# Tesco Personal Loan at 6.9% APR (not 3.6%)



## pennypincher (10 Jan 2007)

This was discussed on Newstalk this morning but I can't find any details on the Tesco web site.Has anyone any links or details to the same?


----------



## jackieO (10 Jan 2007)

*Re: Tesco Personal Loan .1% above ECB*

Check out pg 6 in today's Irish Independent


----------



## irishlinks (10 Jan 2007)

*Re: Tesco Personal Loan .1% above ECB*

Looks like it's 3.6% - which equates somehow to 6.9% APR- which is what tesco are advertising on their web site. It's alimited offer apparently till Feb.


----------



## Guest111 (10 Jan 2007)

*Re: Tesco Personal Loan .1% above ECB*

It says in the Indo that the 6.9% APR is a result of applying the 3.6% rate to the principal for the full term of the loan.
I'd imagine this is similar to a credit card...where unless you pay off the full balance at the end of the month they charge interest on the total, not the remaining total.
Still a good deal though


----------



## ClubMan (10 Jan 2007)

*Re: Tesco Personal Loan .1% above ECB*

Sounds like a classic case of needing to read the terms & conditions carefully so!


----------



## Brendan Burgess (10 Jan 2007)

*Re: Tesco Personal Loan .1% above ECB*

If they advertise it the way it was reported on in today's Indo, it would be a clear breach of the Consumer Credit Act. As I understand it, a lender can only quote the true APR and no other rate. 

It is so misleading that I have edited the title of this thread.

Brendan


----------



## GeneralZod (10 Jan 2007)

*Re: Tesco Personal Loan at 6.9% APR( not 3.6%)*

The fliers they have for it at the check-outs use the 6.9% APR figure.


----------



## kilomike (25 Jan 2007)

*Re: Tesco Personal Loan at 6.9% APR( not 3.6%)*

I applied for a loan online last Tuesday, no response to date, rang their 1850 number yesterday, said that due to the response to their offer it could be next week before my application is processed.

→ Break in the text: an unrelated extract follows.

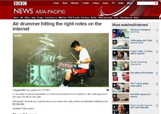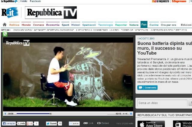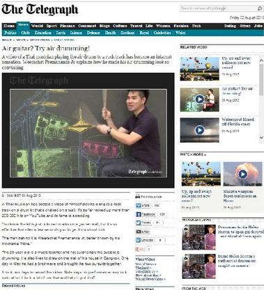 ผู้สื่อข่าวรายงานว่า ขณะนี้ สำนักข่าวต่างประเทศชื่อดังต่าง ๆ ระดับโลก ทั้ง บีบีซี เดอะเทเลกราฟ ของอังกฤษ รวมถึง Repubblica ของอิตาลี และของเยอรมัน ต่างนำเสนอความสามารถอันน่าทึ่งของ "นายวีรฉัตร เปรมานนท์" ศิลปิน-นักดนตรี ชาวไทย วัย 29 ปี กับ การตีกลองกลางอากาศกับภาพวาดสีชอล์คบนกำแพง

Bit slow............


----------



## kilomike (24 Feb 2007)

*Re: Tesco Personal Loan at 6.9% APR( not 3.6%)*

Still haven't received confirmation of loan. Have opened correspondence course. May have to wait for an '08 model. Anyone else had problems with them?


----------



## trustno1 (26 Feb 2007)

*Re: Tesco Personal Loan at 6.9% APR( not 3.6%)*

Me too. Applied last Wed. Still no decision. Advised today that due to the backlog of applications they couldn't tell me with any certainty when my application would be processed (Tesco claim 2 days on their website).

Here's the deal....went into the local Honda dealer today and made a loan application at 09:30. It was approved at 12:25. The dealers finance works out at €7 extra per month over Tesco.

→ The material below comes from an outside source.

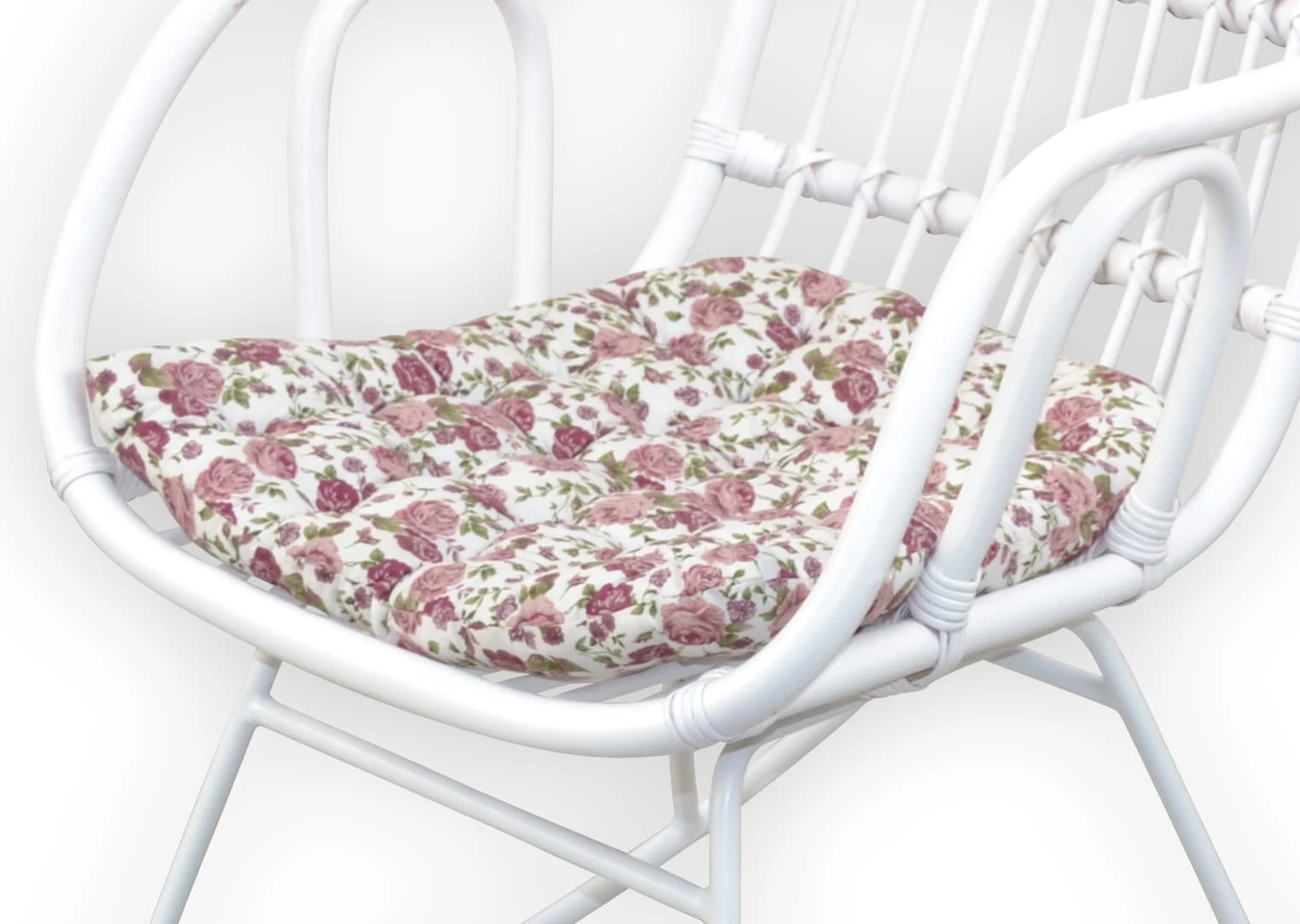 Bequemes Sitzkissen mit Vliesfüllung, bezogen mit einem trendigen Stoffbezug, mit Rosenmotiv bedruckt, (65% Baumwolle, 35% Polyester) mit einer extra starken Vliesfüllung und aufwendig, formstabil abgenäht. Maße ca. cm: B. 52 x T. 48 x Stärke ca. 5 cm.

I can have the car on Friday if I take the dealers finance or I can wait the two weeks for Tesco to get their finger out and move things along. I was prepared to wait for Tesco's but I cannot deal with not knowing where I stand. On this basis I'll go for the Dealers finance.


----------



## KalEl (26 Feb 2007)

*Re: Tesco Personal Loan at 6.9% APR( not 3.6%)*



trustno1 said:


> Me too. Applied last Wed. Still no decision. Advised today that due to the backlog of applications they couldn't tell me with any certainty when my application would be processed (Tesco claim 2 days on their website).


 
My girlfriend applied for a Tesco Personal Loan 4 weeks ago and only received the money last Friday. The were a nightmare to deal with, lost bank statements faxed to them and asked her to resend them which she did. A week later when she contacted them to see what the story was she was told the information wasn't enough! Then they looked for joint account statements which I thought was cheeky...then they started asking about me which I went ballistic about.
Great rate it has to be said but almost hilariously bad service.


----------



## CCOVICH (27 Feb 2007)

My friend was basically told they couldn't guarantee him his loan within the time he requested due to the high volume of business they are processing at the moment.



			
				trustno1 said:
			
		

> On this basis I'll go for the Dealers finance.


 
But is this a 'vanilla' loan (i.e. the same as what you are getting from Tesco) or a finance/HP agreement, which is a different animal altogether.


----------



## GeneralZod (27 Feb 2007)

I applied for a tesco loan yesterday. The guy on the phone said that he worked for Ulster Bank after I told him my current account was with UB. He could see all the transactions in my current account. He then told me that Ulster Bank had a better rate and that he could offer me the loan from Ulster Bank instead of Tesco. I then went to my UB branch as it would still take 2 weeks to process the documentation if done over the phone. He said the delays are due to the postal exchange of signed forms. I got the loan at 5.8%. It was approved immediately by someone in a back office somewhere and lodged to my account there and then. I had to sign up for ufirst but it was worth it.

I can't imagine tesco being too happy about UB staff selling their own products when customers ring up the Tesco loan line. Too bad for tesco but great for me.


----------



## KalEl (27 Feb 2007)

GeneralZod said:


> I applied for a tesco loan yesterday. The guy on the phone said that he worked for Ulster Bank after I told him my current account was with UB. He could see all the transactions in my current account. He then told me that Ulster Bank had a better rate and that he could offer me the loan from Ulster Bank instead of Tesco. I then went to my UB branch as it would still take 2 weeks to process the documentation if done over the phone. He said the delays are due to the postal exchange of signed forms. I got the loan at 5.8%. It was approved immediately by someone in a back office somewhere and lodged to my account there and then. I had to sign up for ufirst but it was worth it.
> 
> I can't imagine tesco being too happy about UB staff selling their own products when customers ring up the Tesco loan line. Too bad for tesco but great for me.


 
5.8%...that's a fantastic deal.


----------



## kilomike (28 Feb 2007)

I am still waiting for loan approval.................
and my current account is with Ulster Bank!
Is this a world record?


----------